These two capitals come from St. Paul’s Cathedral in the City of London. The cathedral was built in the latter part of the 17th century, after the Great Fire of London. Sir Christopher Wren designed the cathedral in an English Baroque style. Its dome is one of the highest in the world at 111 metres, or 365 feet. The cathedral holds a significant place in British culture.


Architecture Drawing
The cathedral’s design follows classical architecture. Six pairs of Corinthian order columns are located in front of the Great West Door.

When making an architecture drawing, remember that the Corinthian order is the most elaborate order of the ancient Greek and Roman architecture. There are three principal orders developed by the ancient Greeks; they are Doric, Ionic, and Corinthian. Later on during the Renaissance, two more orders were added: the Tuscan order and the Composite order.

The Corinthian order has a fluted shaft, and a capital intricately decorated with floral leaves and scrolls, they need to be depicted in and architecture drawing. The name Corinthian derives from the Greek Isthmus Corinth, and its city-state (700 BC to 200 BC) of the same name.


Architecture Drawing - Drawing Academy Video Lesson
Sir Christopher Wren was fascinated with Roman architecture and did many architecture drawing in Rome. He was inspired by both St Peter’s Basilica and the Pantheon. The Pantheon in Rome has some columns with Corinthian order capitals.

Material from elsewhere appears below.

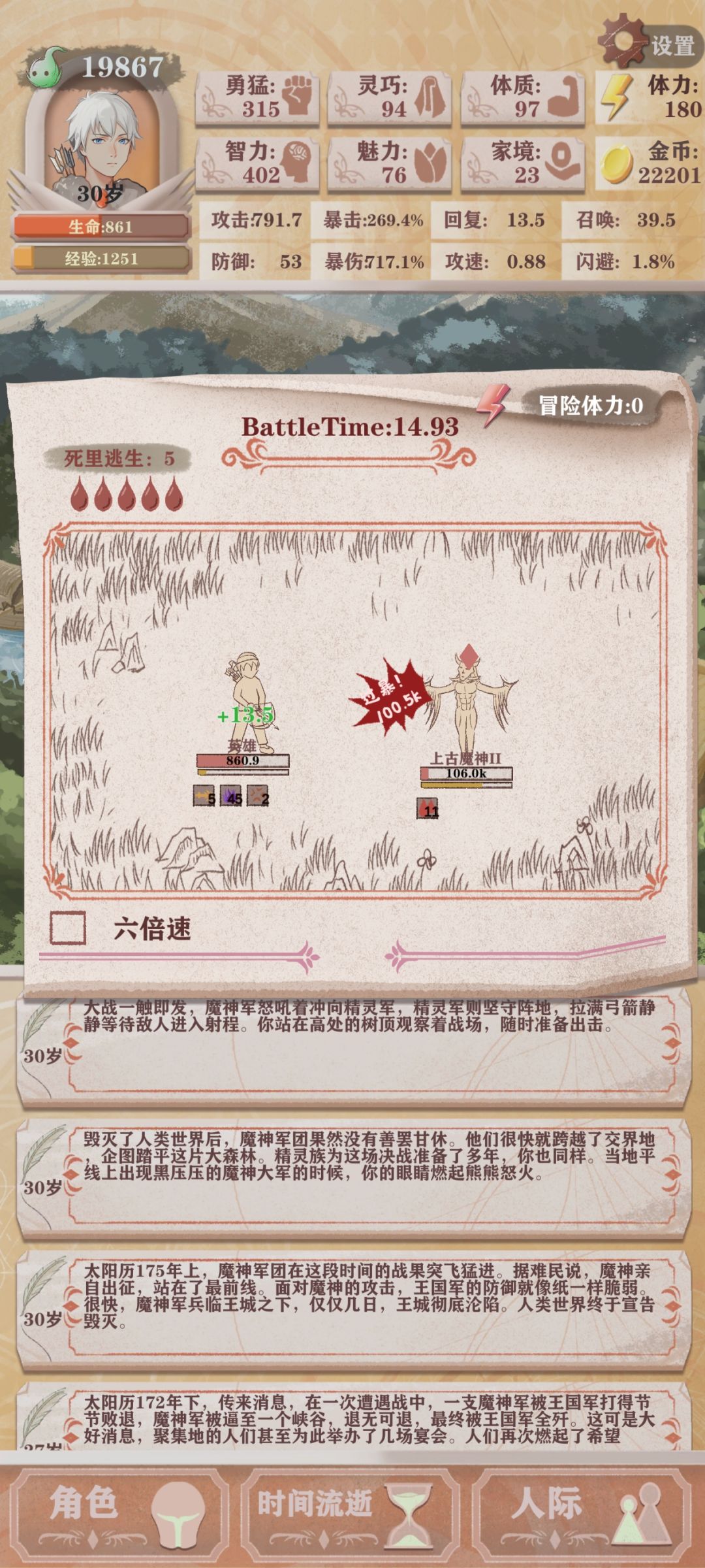 。还有一次倒在了残11,玩了个加体质和魅力的召唤流,被山丘之王打死了。其他关卡都是一次过。然后我分享一些我的心得吧。残10及以下玩啥都行,暴击,主灵巧的回复闪避或者勇猛灵巧对加的爆杀闪避,愈勇召唤或者操偶师召唤,独行侠这个天赋很强可以带上。残10和残11推荐纯闪避流,因为这个时候的暴击流伤害跟不上了,召唤流难过山丘巨人。

The first known Corinthian column dates back to 450-420 BC. This, the oldest example, comes from the Temple of Apollo Epicurius in Arcadia. It stands free inside the temple; and historians are puzzled by its purpose. Some other ancient examples of Corinthian columns are also located inside temples. About 100 years later, the Corinthian order found its way to the exterior architecture.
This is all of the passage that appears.